**Material supplied:**
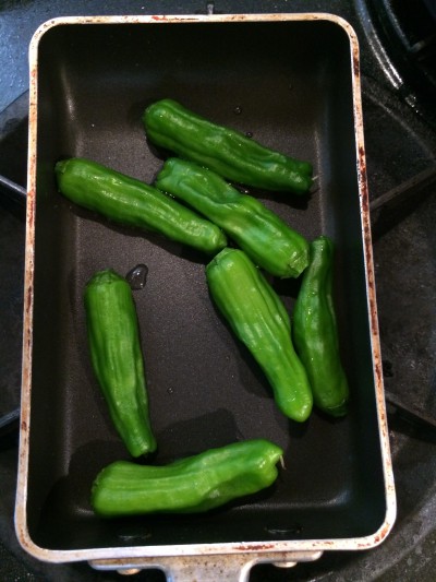 油をしいたフライパンでしし唐を炒めます。
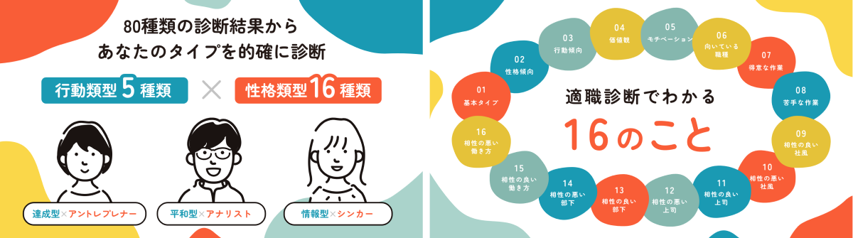 “適職を導き出す事”に最大限特化した独自のキャリアパーソナリティ診断によって、仕事をする上でのあなたの重要なポイントが分かります。「どんな職種が向いているか」「どんな上司と相性がいいか」「どんな部下と相性がいいか」「どんな働き方が向いているか」などを知ることができます。
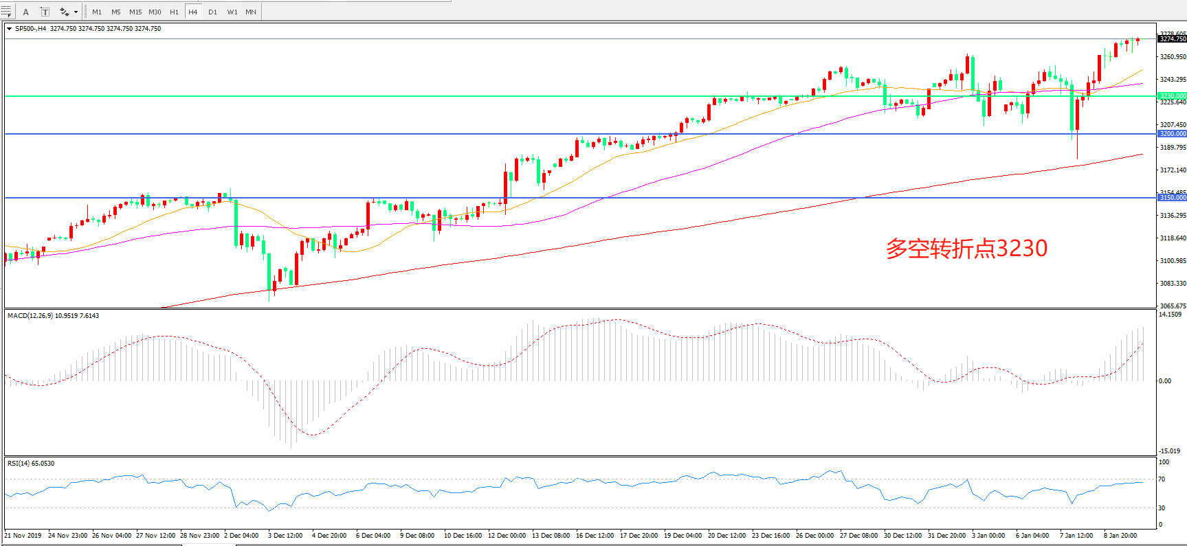 周四(1月9日),美国总统特朗普在讲话中表现温和,声称美国准备好与所有寻求和平的人一起拥抱和平;国务院副总理、中美全面经济对话中方牵头人刘鹤将于13日-15日与美方签署第一阶段经贸协议。双方团队正在就协议签署的具体安排密切沟通,中东地区缓和与中美贸易局势缓和利好股市上升,美国三大股指全线上涨,再创历史新高,标普500收报3274.75点。
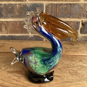 Multi Color Blown Art Glass Bird Pelican 6 5/8” Tall
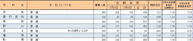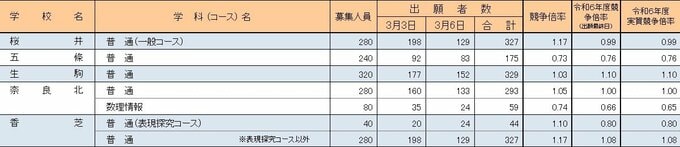 学校・コース別で倍率を見ると、市立一条高校が1.48倍、奈良高校は1.21倍、郡山高校は1.26倍、桜井高校は1.17倍となっています。県立高校全体の平均倍率では、1.00倍となっています。
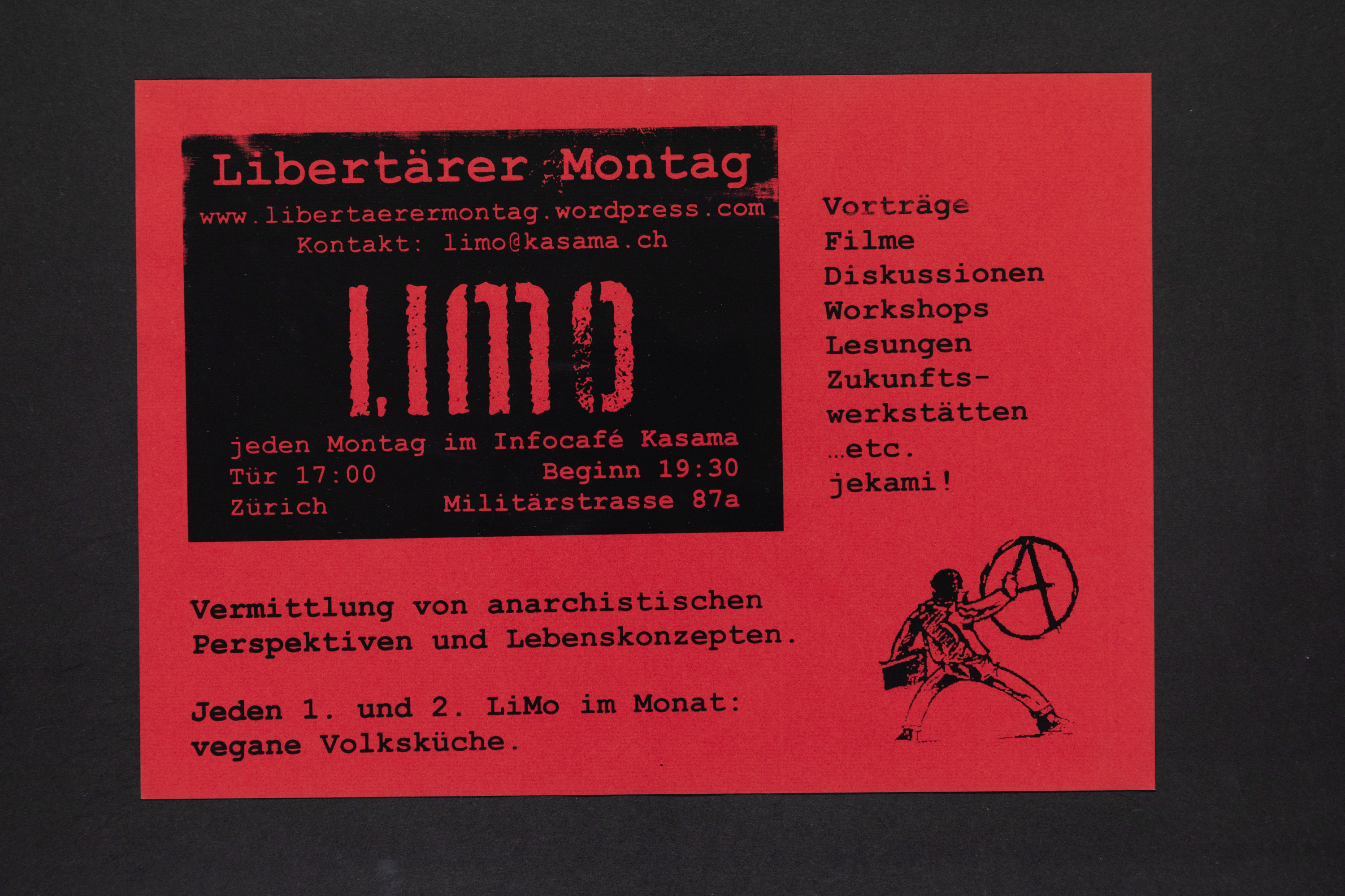 LiMo. Libertärer Montag. Vorträge. Filme. Diskussionen. Vermittlung von anarchistischen Perspektiven und Lebenskonzepten. Jeden Montag im Infocafé Kasama

**Task:** Please return, exactly and with pictures omitted, the lines from the line holding "Multi Color Blown" through the end of the data above, inclusive.

**Response area:**
 Multi Color Blown Art Glass Bird Pelican 6 5/8” Tall
 学校・コース別で倍率を見ると、市立一条高校が1.48倍、奈良高校は1.21倍、郡山高校は1.26倍、桜井高校は1.17倍となっています。県立高校全体の平均倍率では、1.00倍となっています。
 LiMo. Libertärer Montag. Vorträge. Filme. Diskussionen. Vermittlung von anarchistischen Perspektiven und Lebenskonzepten. Jeden Montag im Infocafé Kasama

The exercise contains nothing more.